Lake Havasu City
...London Bridge swelters in the desert
Arizona: April, 1997

We sat drinking imported English beer served to us by a waitress in the air-conditioned chill of a fake "English" pub, the like of which would make any good Geordie weep into his pint. Fake beams above our head, fake ornaments, fake air...

Outside, poor, slightly truncated, old London Bridge, some of its stones still bearing numbers from its undignified demolition and re-erection, stood in the baking sun of northern Arizona, on the fringe of the wholly-new and characterless town of Lake Havasu City. Around it is a fake English Village, presumably built by someone who has never actually been there but has seen a few tourist information leaflets.

Girls with fake smiles attempt to seduce you into riding in large golf carts, assuming that most tourists are incapable of walking the couple of hundred yards from one end of the "village" to the other. Of course, they are right, and they snare overweight visitors who would have benefitted from the exercise.

We browse rude bumper stickers and offensive T-shirts in gift shops where plastic frogs croak at us as we pass.

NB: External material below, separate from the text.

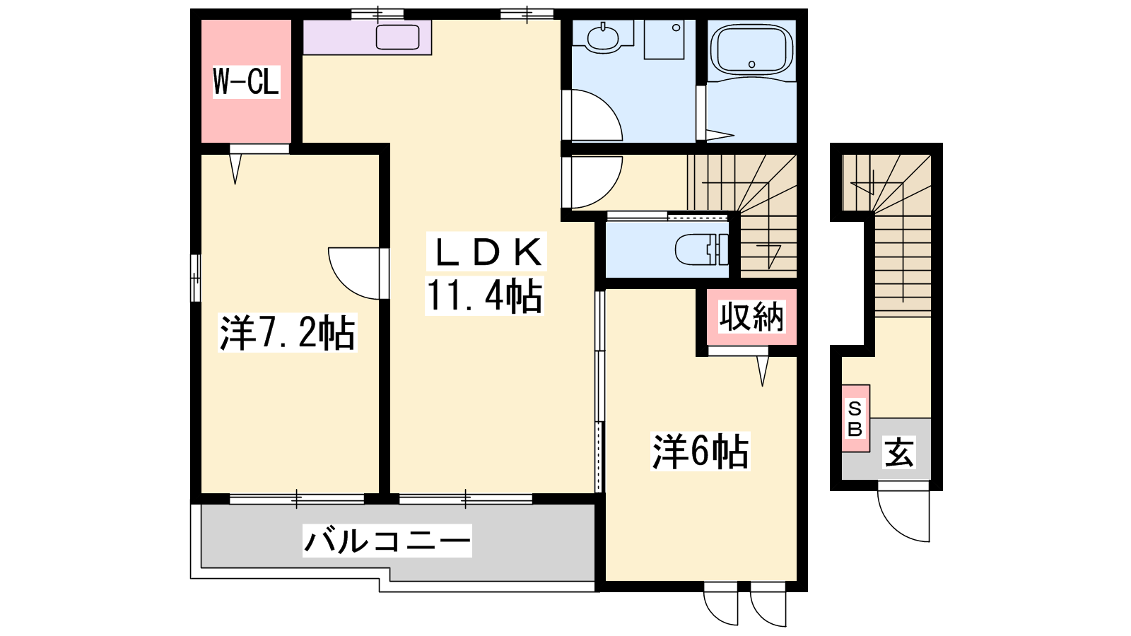 - LDK11.4帖、洋室7.2帖、洋室6帖

It's actually a great vulgar place for people-watching, for being a real tourist, for indulging in ice cream and junk food and posed photographs of people squinting into the sun. It is also jolly hot.

We met and enjoyed Erica's grandfather Sherm and step grandmother Belle, lively ex-computer programmers who live in the cool of the hills near Lake Havasu City.

They not only entertained and put us up, but took us to see a "real" wild west town nearby, on the streets of which gunfights took place on the hour, every hour from 9:00am. Ralph became all priggish and wouldn't join in the fun, glowering and tut-tutting instead amongst the tacky souvenir and gemstone shops.

ARIZONA

 


We make the most of what little shade there is in the camp site!